Трофим действительно тосковал, и ему было не до хозяйства. Полгода, проведенные без Нади, были в его жизни самым черным временем. Трудно сказать, что в Наде так влекло его. Была ли это юношеская, безрассудная, впервые поднявшаяся в нем страсть, от которой, несмотря на все, он не мог пока отрешиться, или щемило его огромное растравленное самолюбие? Как бы ни было, а Надю он все еще любил гнетущей злой любовью, и конца этой любви не видно было.
Летом, зная о том, что Латаный, его дружок, служит в том же полку, где и Надя, Трофим послал ему письмо и как бы вскользь, между прочим, шутливо спросил: как, мол, там моя благоверная, все еще прыгает? Видно, в глубине души он все еще таил несбыточные надежды: авось между Надей и Федором произойдет размолвка, авось с Федором что-нибудь случится… Но ответ Латаного вряд ли принес ему хоть каплю успокоения. Он написал Трофиму, что-де благоверная твоя ничего, милосердствует; ухлыстывают-де за ней тут даже их благородия господа офицеры, но она, мол, держит себя строго и, окромя Федора, знать никого не хочет.
Об отношениях Петра Васильевича к старшему сыну Сергею, фронтовому офицеру, напоминавшему мать не только сухой, костлявой наружностью, но и больше всего характером, неровным, вспыльчивым и в то же время податливым, — о теперешних отношениях к нему старика Абанкина говорить пока рано, так как приехал-то Сергей всего лишь неделю назад. За годы войны дома он ни разу не побывал, и внезапное его появление в хуторе именно теперь было большим событием. По какому случаю он приехал и надолго ли — ни от него самого, ни от кого-либо другого из семьи Абанкиных добиться люди не могли. Говорили, что, мол, приехал в отпуск — и все тут. Но спустя время в хуторе все же стало известно, что не в отпуск Сергей приехал, а просто-напросто убежал из части; что после незадачливого похода на столицу армии Крымова, в какую входил и Сергеев полк, а главным образом после Октябрьского переворота, офицер Абанкин, командовавший сотней, рассорился с сотенным казачьим ревкомом и с казаками, с которыми он и до этого не очень-то дружил, бросил под Питером подразделение и, спасая шкуру, удрал.

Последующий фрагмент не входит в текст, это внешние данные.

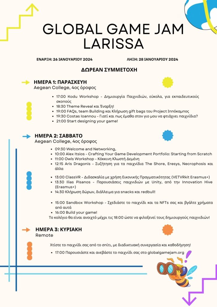 Τον Ιανουάριο του 2023, υπήρξαν 900 σημεία σε όλο τον κόσμο (σε 113 χώρες), και δημιουργήθηκαν 10.000 παιχνίδια σε ένα μόλις σαββατοκύριακο! Φέτος, το GGJ Larissa θα διεξαχθεί στον 4ο όροφο του Aegean College (το οποίο υποστηρίζει και φιλοξενεί τη διοργάνωση)! Κρατήστε τη θέση σας δωρεάν εδώ [σύνδεσμος εγγραφής]. Παρόμοια events είναι γνωστό πως βοηθούν τη δικτύωση και νέες γνωριμίες, αυξάνουν την αυτοπεποίθηση και τις ευκαιρίες εντός της τοπικής κοινότητας.
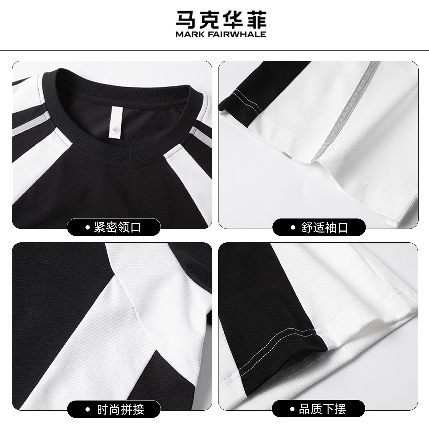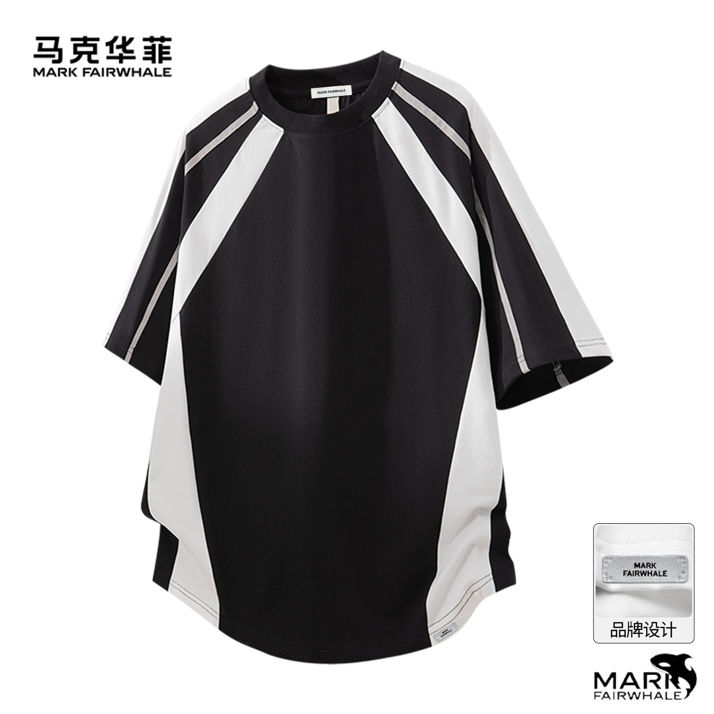 马克华菲拼接短袖2026夏季新款T恤男圆领宽松运动风凉感透气上衣Q
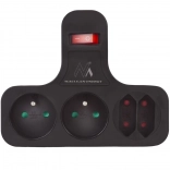 Zásuvka Maclean Energy zajišťuje bezpečné a efektivní používání elektrických zařízení. Díky čtyřem zásuvkám (2 ploché a 2 typu schuko) můžete připojit několik zařízení najednou a snadno je ovládat jedním vypínačem.
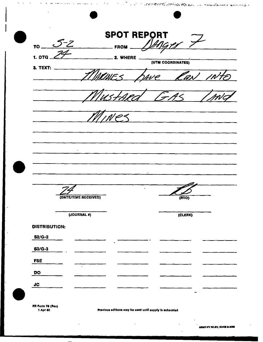 Document 1 f:/Week-28/BX001067/MISC-DAILY STAFF JNL-SPOT REPORT-CDR REP 24 FEB 91/spot report mustard gas landmines:09139616122615
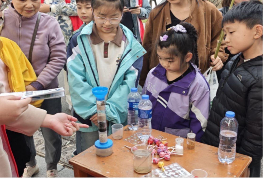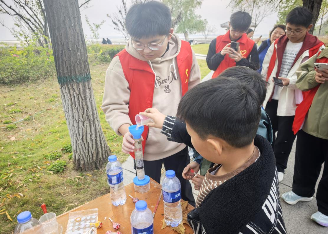 活动以“数据话危机”开篇,“我国人均水资源量仅为世界1/4”等触目惊心的数字,配合白龟湖生态影像,迅速引发学子共鸣。大家深刻认识到,日常易得的水资源,实则承载着紧迫的保护使命。实践环节中,“污水变清”手工坊备受关注。学子们用石子、纱布、活性炭等搭建过滤装置,当浑浊模拟水渗滤成清水时,现场反响热烈。亲身体验让大家直观感受到水质净化的不易,深化了节水认知。另一边,“河流医生”们正用专业工具检测湖水指标,详细记录“水质健康档案”。精准的检测不仅锻炼了专业技能,更让学子们切实体会到湿地生态对水资源的净化价值。活动尾声,学子们分享实践感悟后,共同宣读《青春护水倡议书》,承诺从点滴践行节水。

Никогда Сергей не отличался усердием к хозяйству, чем в свое время принес родителю немало горьких минут. Учился он в высшеначальном училище, в Филоновской станице. Окончив, хотел было перейти в Урюпинское реальное, но на экзамене на букве «ять» срезался, с тех пор и в ученые не попал и от хозяйства отбился. Если, бывало, что и делал по хозяйству, так спустя рукава, нехотя, лишь бы отвести отцовский гнев. Не проявил он никакого интереса к хозяйству и теперь. Целыми днями сидел у окна, чистил разнообразные мундштуки, набивал табаком гильзы и при случае, по перенятой от кого-то манере, презрительно топырил нижнюю губу, подпирая ее изнутри языком. При этом его стриженные по-английски усики табачного цвета резко перекашивались, отчего все лицо его, длинное, тонкое и обычно довольно приятное, становилось уродливым.

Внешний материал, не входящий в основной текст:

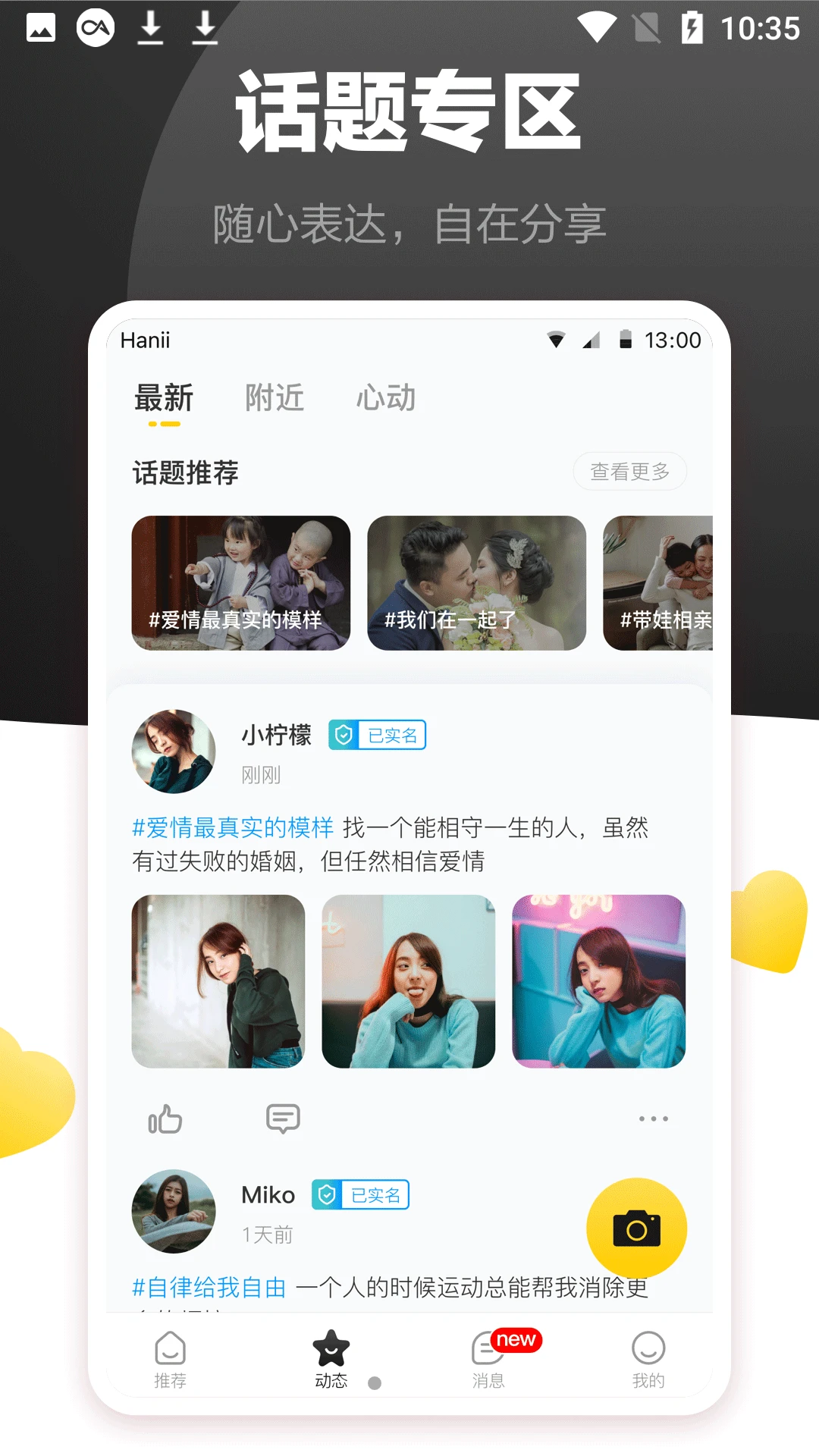 拥有全网最真实的交友,最舒适的交谈,非常的放松;平台采用严格的实名认证机制,确保每位用户的真实性,让你可以放心交友。拥有大量的话题,让双方第一次的聊天不怕尴尬;平台提供丰富的话题库和破冰游戏,帮助用户轻松开启对话。可以展示自己的才艺,分享自己的,非常的不错;用户可以通过照片墙、短视频等方式展示个人魅力,让更多人了解你的独特之处。
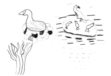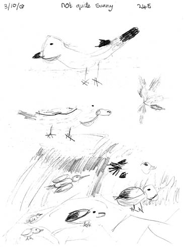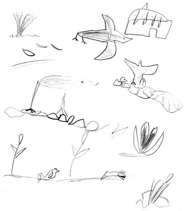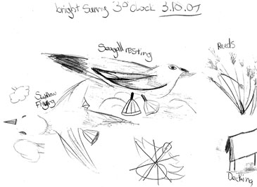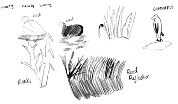 We went to the observation shelter and after learning how to sketch using binoculars, tried it for ourselves. We saw cormorants on the stony islands, a diving grebe and lots of reeds! The idea was to practise being an Artist working in the field, looking into the distance and bringing it close enough to sketch, using the binoculars.

Пробыв в хуторе какую-нибудь неделю и не найдя себе по нраву дела, он захандрил и начал поговаривать о своем отъезде. Правда, поговаривать об отъезде он начал не только потому, что хуторские будни ему оказались в тягость. Главная причина, по его словам, была в том, что сидеть в такое время на печи и ждать, пока тебя, голенького, оттуда стащат, неумно; надо-де защищать и себя и область от надвигавшихся испытаний. И он собирался ехать в Новочеркасск, где генерал Алексеев уже группировал офицеров и юнкеров, сколачивал из них добровольческие отряды.
Но Петр Васильевич к этому намерению сына отнесся неодобрительно.
— Защищать область — это хорошо, надо, — сказал он, — но знычт то ни токма, сперва надо подумать о своей рубашке, она ближе к телу. Ты поедешь защищать там кого-то, а тут батьку и собственное имущество некому будет защитить. Лучше б обождать пока, осмотреться.
Сергей подумал и отложил отъезд.
Петр Васильевич последнее время не только днем не находил себе места, но и ночью. Лежа на толстой пуховой перине рядом с Наумовной, он до зорьки не смыкал глаз, ворочался, кряхтел, и то и дело задевал старуху то локтем, то коленкой.
Наумовна крепится, крепится и не вытерпит:
— Что тебя теты мучают, — скажет она, — что ты ни минутки не дашь покою, ровно шилом тебе… Может, ничего и не будет, а ты уж на стенку лезешь, раньше смерти умираешь.
Петр Васильевич сердито прикрикивал на нее:
— Волос, знычт, длинен, да ум короток! То-то, прости господи… Помолчи лучше! Людей никак уж пообчистили, поотобрали участки, а у нас что ж… думаешь, промахнутся? Как бы не так, жди!
— Куда ж теперь… Другие ведь живут без участков, — не унималась Наумовна, — не в петлю же лезть?
— Дура ты, дура, вот что, из ума выжила! — хрипел Петр Васильевич, и старинная кровать под ним раскачивалась и стонала.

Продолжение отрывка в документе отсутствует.